Каспер чуть развернулся, чтобы поцеловать его. Роан всё ещё улыбался, прильнул к нему, и в обволакивающей тишине комнаты они были отданы самим себе — вместе со временем, глубокой пропастью рубившей их возможности, с ранами, заживающими или открывающимися вновь, с неразберихой в несуществующих отношениях. Но сейчас было хорошо. В большем они не нуждались.
Это была первая ночь, проведённая вместе, когда они просто спали, обнявшись, отвечая на тепло другого своей теплотой.
«Я не хочу, чтобы тебе было больно, — думал Каспер, и мягкой лаской его дыхание таяло в волосах Роана, в которые он уткнулся. — Я не хочу, чтобы что-либо в этом мире причиняло тебе боль. В том числе я».
Но последнее всё равно оставалось.
Надо же. С других обещания берёт, а своё самое главное никак не даст.
========== Барвинковый ==========
Это почти смешно.
— Кажется, мы с тобой два круглых идиота, — смех Каспера разрезал мягкую белизну окутавшей их зимы, и Роан качал головой, соглашаясь, потому что даже он, весь такой опытный и мудрый, не мог подобрать слова лучше. Он обнимал Каспера, то и дело отодвигаясь слегка, чтобы заглянуть в лицо, и они не знали, как ещё сейчас доказывать, что ещё сейчас прояснять.

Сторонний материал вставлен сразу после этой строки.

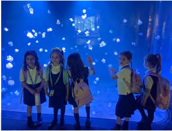
Gr. 1's at the Vancouver Aquarium
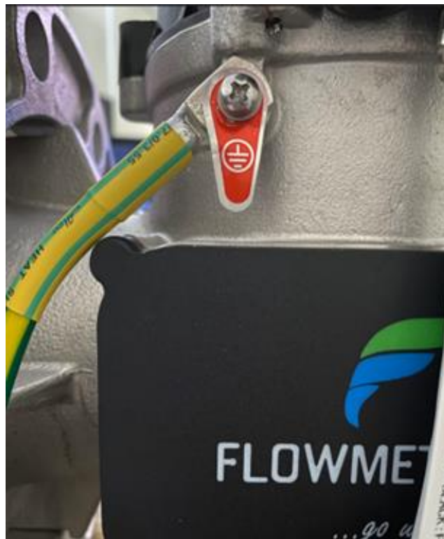
Grounding cable attached to meter grounding tear
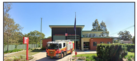
56 Appletree Road, Holmesville
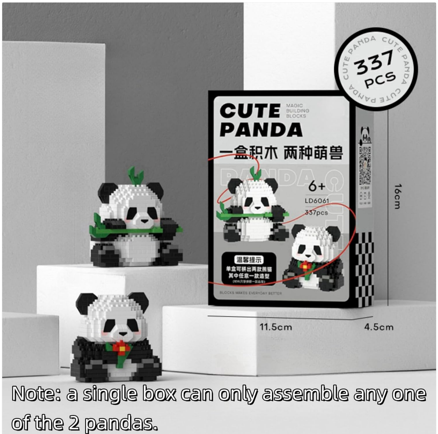
Figure 4: Assembly Options. The product packaging illustrates that while multiple designs are possible, the set contains enough pieces to build one panda at a time.

Your browser does not support the video tag.
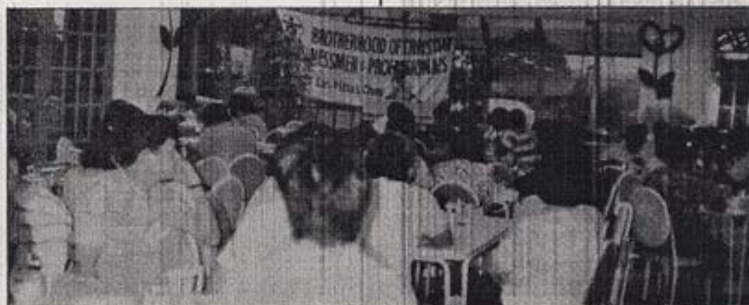
Las Piñas breakfast goers listen intently to their sharer.

I praise and thank the God-Child and the BCBP mission team for giving me this most beautiful and meaningful Christmas gift.
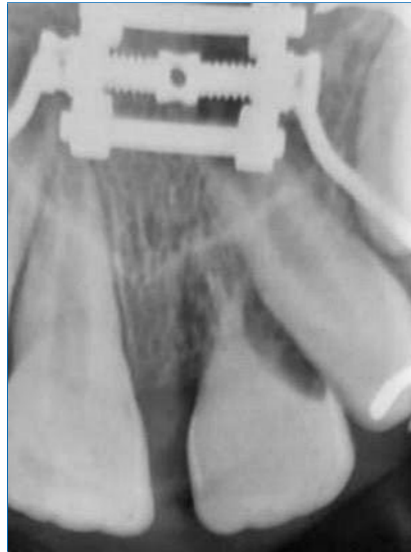
Figure 8. Periapical radiograph eighteen months after the trauma. Left maxillary central incisor (21) showing advanced stage of external root resorption.
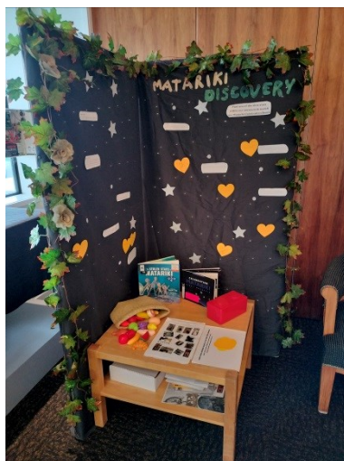
Matariki Discovery in Children's corner
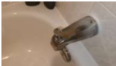
Pic. 32: Diverter seized in shower position

Голова звенела от счастья.
Это взаимно.
У Каспера немного щипало глаза и першило в горле, голос казался совсем другим — высоким, настолько он был переполнен счастьем. Роан сиял ярче солнца и ярче отражавшего свет снега, и никогда его улыбка не была ещё такой прекрасной. Это взаимно. Всё, что между ними, это взаимно.
Роан любит его.
Небо расстилалось над их головами, город жил своей жизнью, но весь мир ничего не значил для двоих посреди парка, тех, кто, пройдя столько трудностей, столько бесконечных мук от самих себя, кто даже не представлял возможным мольбу о понимании — они всё это время даже не попытались чисто и напрямую поговорить! Каспер боялся потери тепла, Роан боялся завершения, они просто идиоты, они оба просто идиоты!